# Goal of the exercise:
Write the data out again exactly, with no pictures.

# Input data:
- - - - -

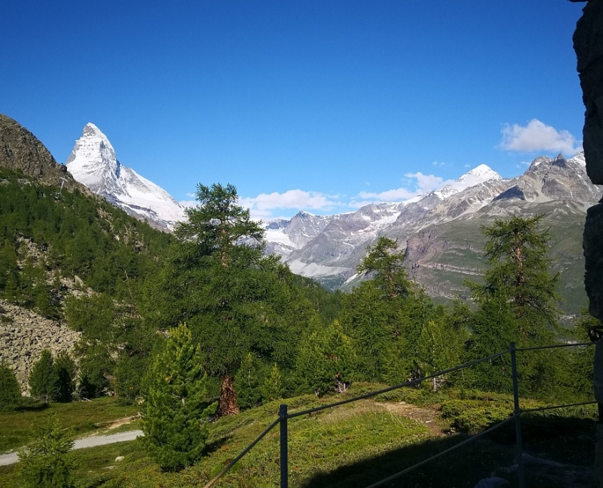 Nach einer kleinen Ortsbesichtigung begann unsere dreistündige Wandertour, vorbei an traditionellen ländlichen Holzschuppen mit dem Anstieg zum historischen „Berggasthaus Trift“ (2.337 m, 6 km, ↑900 Hm, ↓180 Hm Abstieg), auf dem Hinweg kehrten wir noch im exponiert liegenden Bergrestaurant Edelweiss (1.961 m, www.edelweiss-zermatt.com) ein.
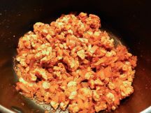 材料の切り方にはきまりはありません。今回は2つに切るときに切りやすいようにと肉を刻みましたが、お肉の存在感を残したい場合はもっと大きめに切って調理してもOKです。
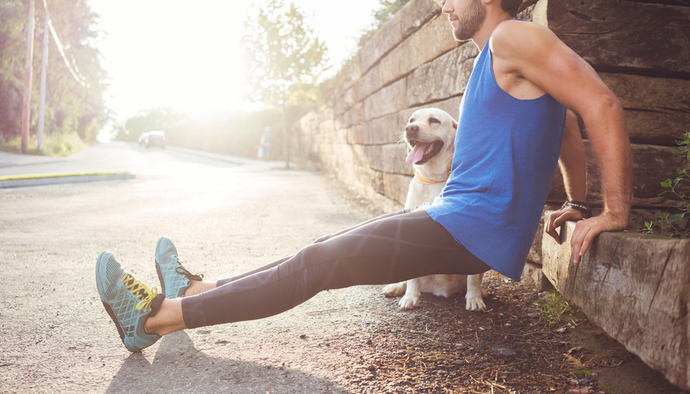 Humankind’s best friend can also be the ultimate training partner. Knock out some cardio and tire out your pup at the same time. When you get creative, there’s almost nothing you can’t accomplish with your dog by your side for motivation. Try running, cycling, rollerblading, hiking, stair running or sprinting. Or get creative with this interval workout that also mentally stimulates (and trains) your dog:

- - - - -

# Result for this task:
 Nach einer kleinen Ortsbesichtigung begann unsere dreistündige Wandertour, vorbei an traditionellen ländlichen Holzschuppen mit dem Anstieg zum historischen „Berggasthaus Trift“ (2.337 m, 6 km, ↑900 Hm, ↓180 Hm Abstieg), auf dem Hinweg kehrten wir noch im exponiert liegenden Bergrestaurant Edelweiss (1.961 m, www.edelweiss-zermatt.com) ein.
 材料の切り方にはきまりはありません。今回は2つに切るときに切りやすいようにと肉を刻みましたが、お肉の存在感を残したい場合はもっと大きめに切って調理してもOKです。
 Humankind’s best friend can also be the ultimate training partner. Knock out some cardio and tire out your pup at the same time. When you get creative, there’s almost nothing you can’t accomplish with your dog by your side for motivation. Try running, cycling, rollerblading, hiking, stair running or sprinting. Or get creative with this interval workout that also mentally stimulates (and trains) your dog:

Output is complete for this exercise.